In the listing that follows, the range to quote begins at the line that has "Struttura scultorea in" and ends after the line that has "五彩云霞中的甲秀楼。2019.08.01拍摄于贵阳甲秀楼"; quote it verbatim and add nothing.

Supplied records
※ ※ ※

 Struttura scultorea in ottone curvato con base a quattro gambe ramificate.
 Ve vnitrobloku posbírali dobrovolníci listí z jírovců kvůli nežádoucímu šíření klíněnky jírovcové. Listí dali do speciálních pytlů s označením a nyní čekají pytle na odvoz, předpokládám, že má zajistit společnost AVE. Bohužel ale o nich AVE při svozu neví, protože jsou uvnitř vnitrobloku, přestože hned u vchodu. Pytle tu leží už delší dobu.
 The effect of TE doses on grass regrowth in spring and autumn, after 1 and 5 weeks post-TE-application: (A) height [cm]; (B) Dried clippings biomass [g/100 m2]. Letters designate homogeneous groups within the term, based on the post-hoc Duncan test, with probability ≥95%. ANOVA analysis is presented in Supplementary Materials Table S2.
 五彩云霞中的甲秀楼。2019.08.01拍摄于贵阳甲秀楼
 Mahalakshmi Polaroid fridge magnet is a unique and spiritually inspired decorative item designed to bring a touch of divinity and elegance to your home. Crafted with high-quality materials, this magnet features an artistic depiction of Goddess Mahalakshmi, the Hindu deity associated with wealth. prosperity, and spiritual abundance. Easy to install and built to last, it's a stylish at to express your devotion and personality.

※ ※ ※

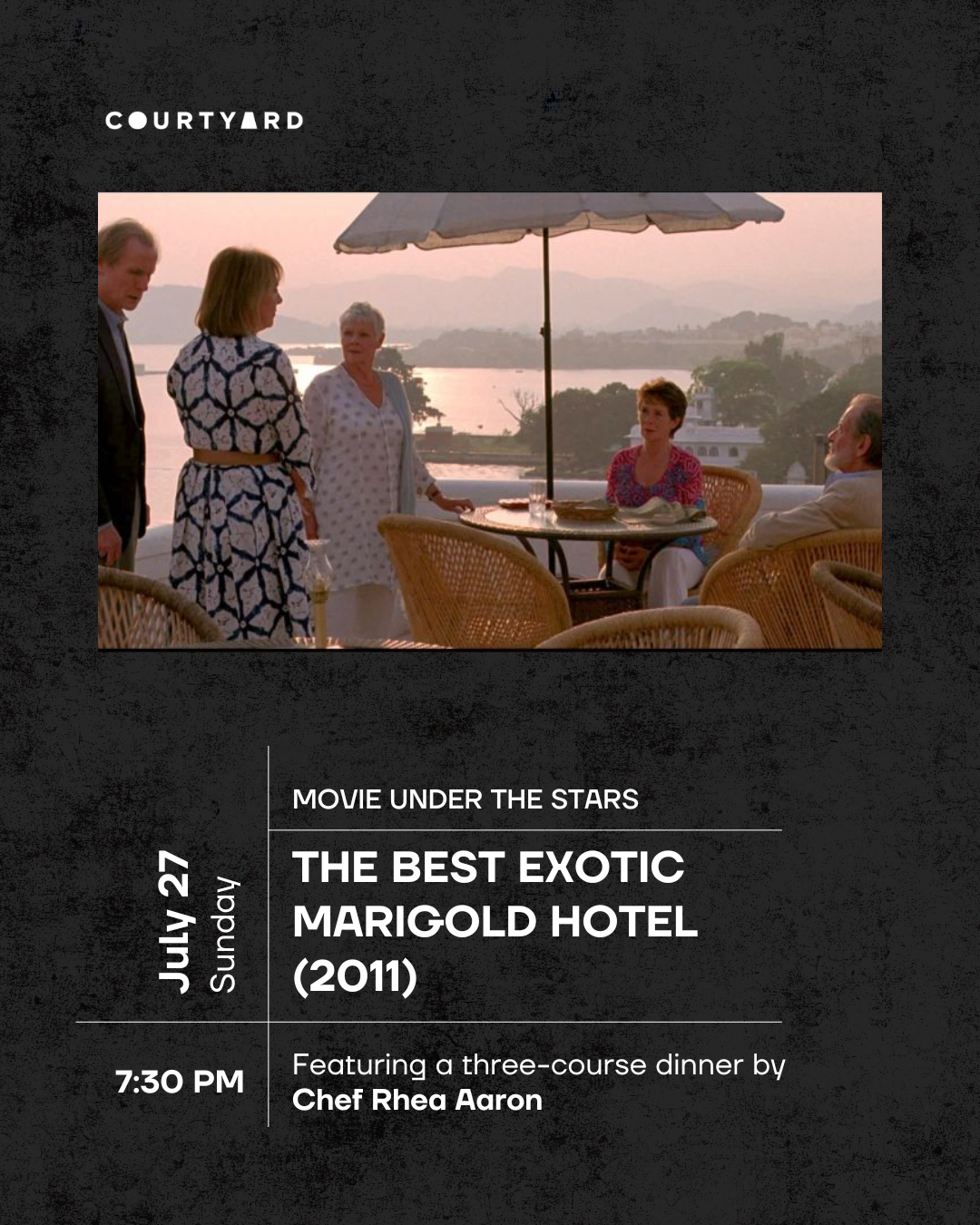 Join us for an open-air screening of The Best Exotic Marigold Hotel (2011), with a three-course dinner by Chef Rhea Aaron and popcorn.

※ ※ ※

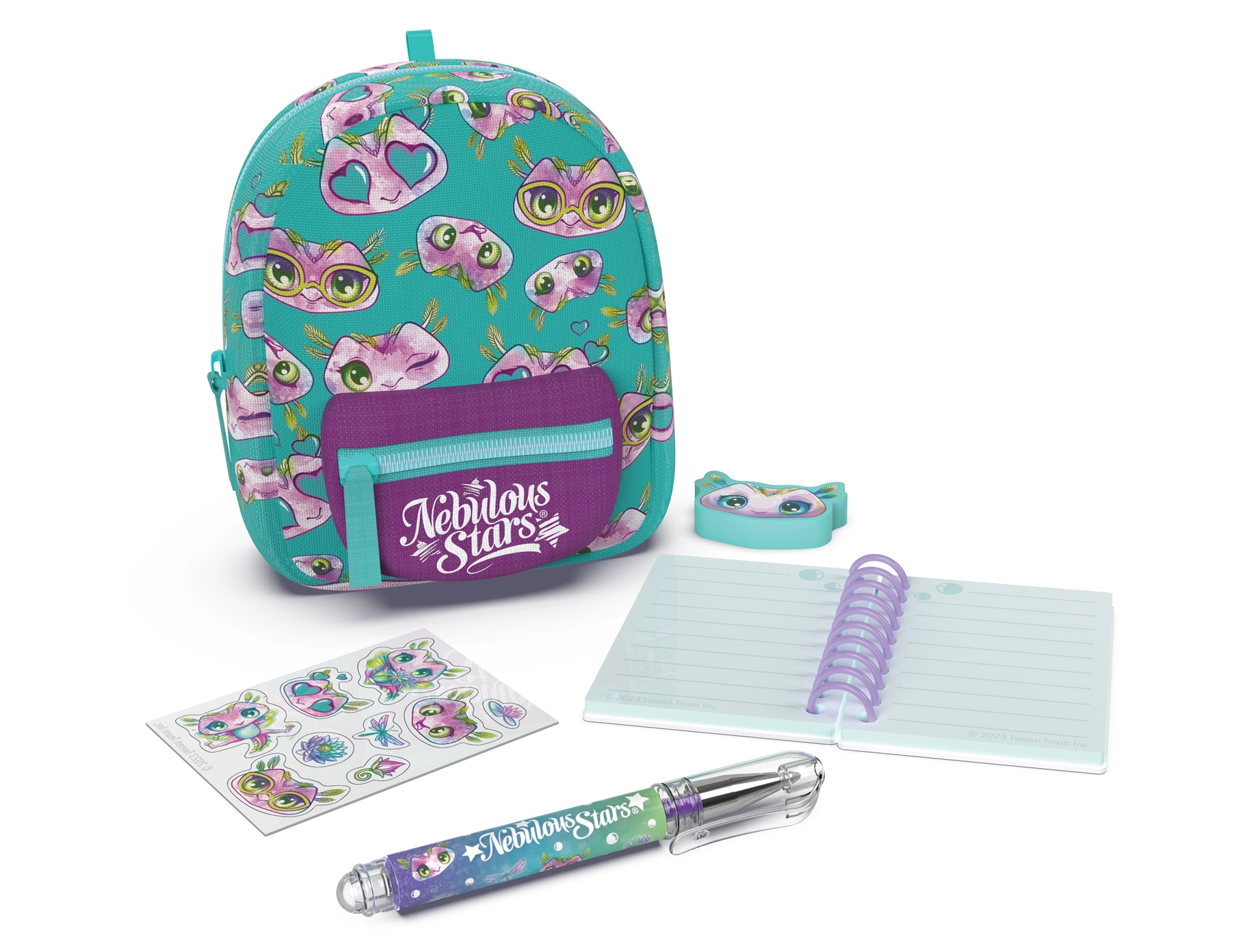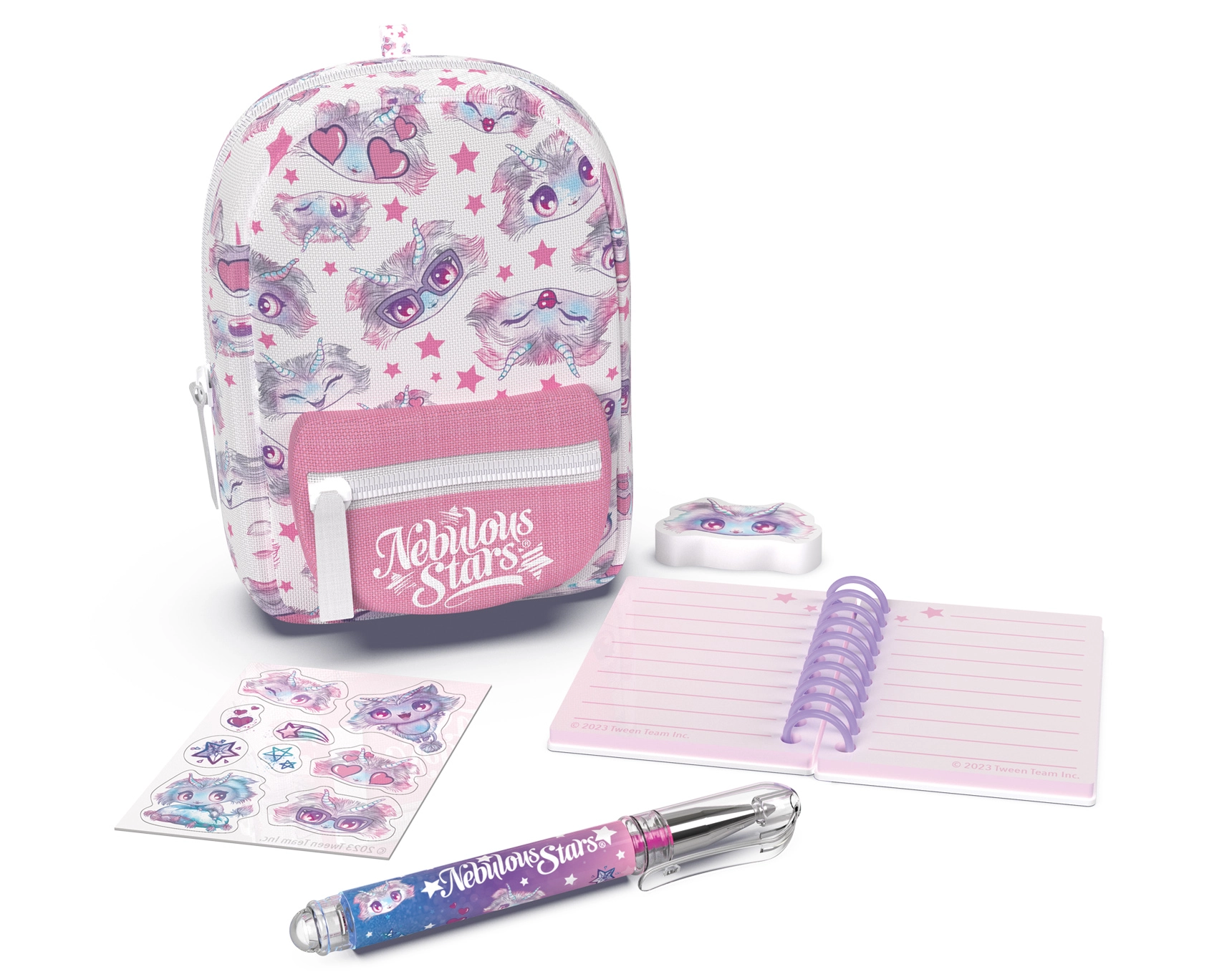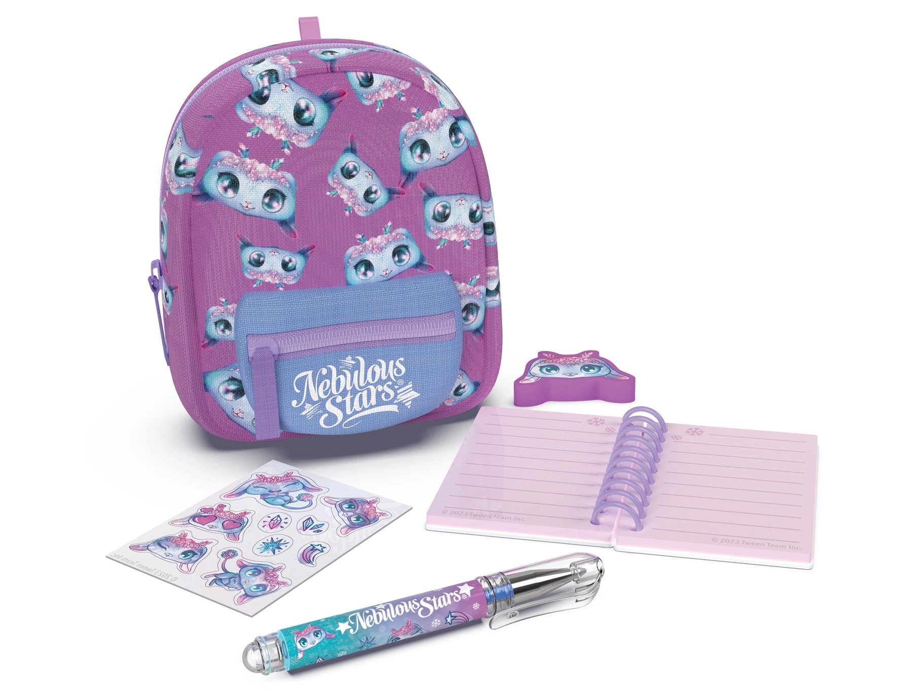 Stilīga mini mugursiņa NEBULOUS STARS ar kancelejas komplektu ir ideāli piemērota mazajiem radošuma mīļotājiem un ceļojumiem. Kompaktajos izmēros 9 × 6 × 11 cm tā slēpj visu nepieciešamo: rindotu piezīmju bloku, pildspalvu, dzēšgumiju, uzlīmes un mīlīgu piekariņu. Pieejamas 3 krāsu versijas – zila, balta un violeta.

※ ※ ※

Exercise response
 Struttura scultorea in ottone curvato con base a quattro gambe ramificate.
 Ve vnitrobloku posbírali dobrovolníci listí z jírovců kvůli nežádoucímu šíření klíněnky jírovcové. Listí dali do speciálních pytlů s označením a nyní čekají pytle na odvoz, předpokládám, že má zajistit společnost AVE. Bohužel ale o nich AVE při svozu neví, protože jsou uvnitř vnitrobloku, přestože hned u vchodu. Pytle tu leží už delší dobu.
 The effect of TE doses on grass regrowth in spring and autumn, after 1 and 5 weeks post-TE-application: (A) height [cm]; (B) Dried clippings biomass [g/100 m2]. Letters designate homogeneous groups within the term, based on the post-hoc Duncan test, with probability ≥95%. ANOVA analysis is presented in Supplementary Materials Table S2.
 五彩云霞中的甲秀楼。2019.08.01拍摄于贵阳甲秀楼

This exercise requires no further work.